恋人同士の囁きのように、耳元で優しく告げる。
下手に関わり過ぎると、今度は私がサガさんを支配するようになってしまうから、気をつけなくてはいけないんだけど…。
私の立ち位置は毒になってはならない。
側にいすぎるのも問題だが、その点は3ヶ月後…今からだと大体2ヶ月後か、の日本へ帰る段階でどうにかすればいい。
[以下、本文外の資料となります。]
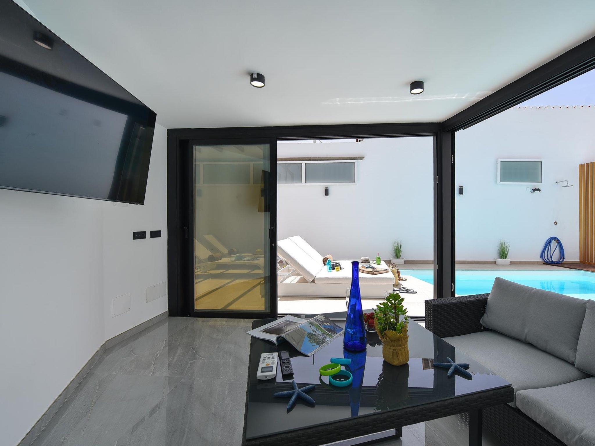 Moderne, komfortable Villa "Villa Aisha". Im Ortszentrum von Playa del Inglés, zentrale, belebte Lage. Zur Alleinbenutzung: Grundstück (eingezäunt), Schwimmbad (4 x 4 m, 150 - 150 cm tief, saisonale Verfügbarkeit: 01.Jan. - 31.Dez.). Aussendusche. Im Hause: Klimaanlage. Öffentliche Parkplätze auf der Strasse. Einkaufsgeschäft, Supermarkt 200 m, Bushaltestelle "Shopping Center Cita" 10 m. Der Besitzer akzeptiert keine Jugendgruppen. Bitte beachten: Flugplatz 35 km vom Haus. Die Nachbarschaft ist sehr lärmempfindlich. Ruhe und gutes Benehmen wird erwartet.
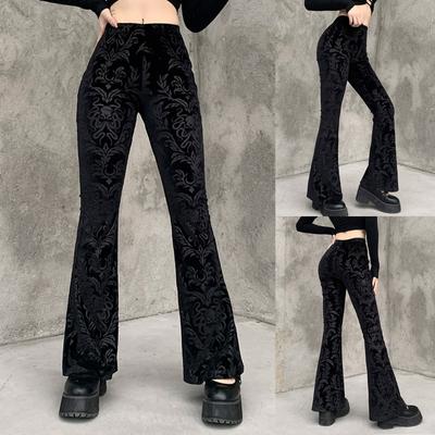 2021 automne femmes Goth taille haute Hip Hop pantalon évasé femme Sexy dentelle Patchwork sarouel dames Vintage élégant velours pantalon de noël
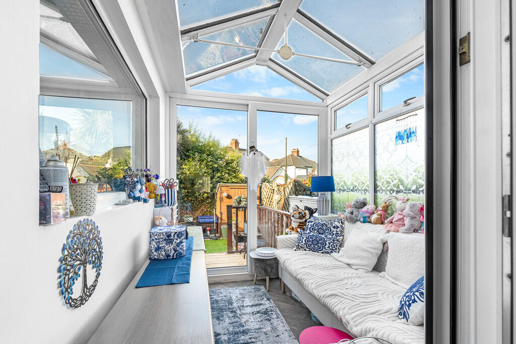 CONSERVATORY7' 11" x 6' 11" (2.43m x 2.11m) uPVC double glazing doors to rear garden. uPVC roof, side window to kitchen and window to side. Radiator. Laminate flooring.
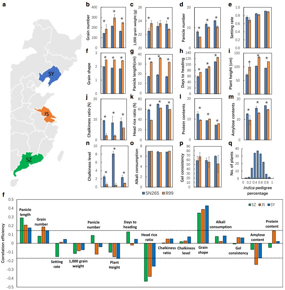 秈稻和粳稻為亞洲栽培水稻的兩個亞種,它們的地理分布以及形態(tài)學(xué)性狀差異明顯,揭示其農(nóng)藝性狀背后的遺傳基礎(chǔ)對于水稻生產(chǎn)非常重要,然而,其遺傳背景、生態(tài)條件以及農(nóng)藝性狀之間的關(guān)系尚不清楚。沈農(nóng)265(SN265)是我國第一個商用的超級稻,它作為中國北方骨干親本引領(lǐng)著育種方向。本研究利用二代和三代測序?qū)Ρ狈骄统壍維N265和R99進行測序,并獲取SN265高質(zhì)量基因組,又構(gòu)建了RIL群體重測序遺傳連鎖圖譜,并對多個重要農(nóng)藝性狀進行了QTL分析。此外,還發(fā)現(xiàn)若干基因功能隨生態(tài)環(huán)境的變化而改變,并且許多等位基因?qū)Σ煌倪z傳背景呈現(xiàn)差異性的響應(yīng)。

記憶を消すのであれば、サガさんにお願いするだけで、きっと彼自身断ち切ってくれることだろう。
彼だって、いい大人なのだ。
それに、私の時とは違ってプラトニックだから、そこも守りきらなくてはならないなぁと思いながら、ぽんぽん、とその頭を叩くように撫でて椅子から降りる。

「ほら、休憩は終わりだ。残りも君なら余裕だろう?」

ちゅ、と額に口付けて、その場を離れようとした。
ら、突然立ち上がった彼が私の手を引いて、頬に口付けてくる。
驚いてぱちり、瞬いてその顔を見る。
目元を色っぽく染めた彼は、何か文句があるのか、と言いたげにこちらを睨んでいる。
…どこかで見たことがある、と思ったら、昔の一輝君の照れ隠しだ。
それにしても、誘いはかけてくるのにほっぺにチューは照れるとは、いったいどういう基準なのか。
考えながらも顔はにっこり笑って、頑張ってね?と告げる。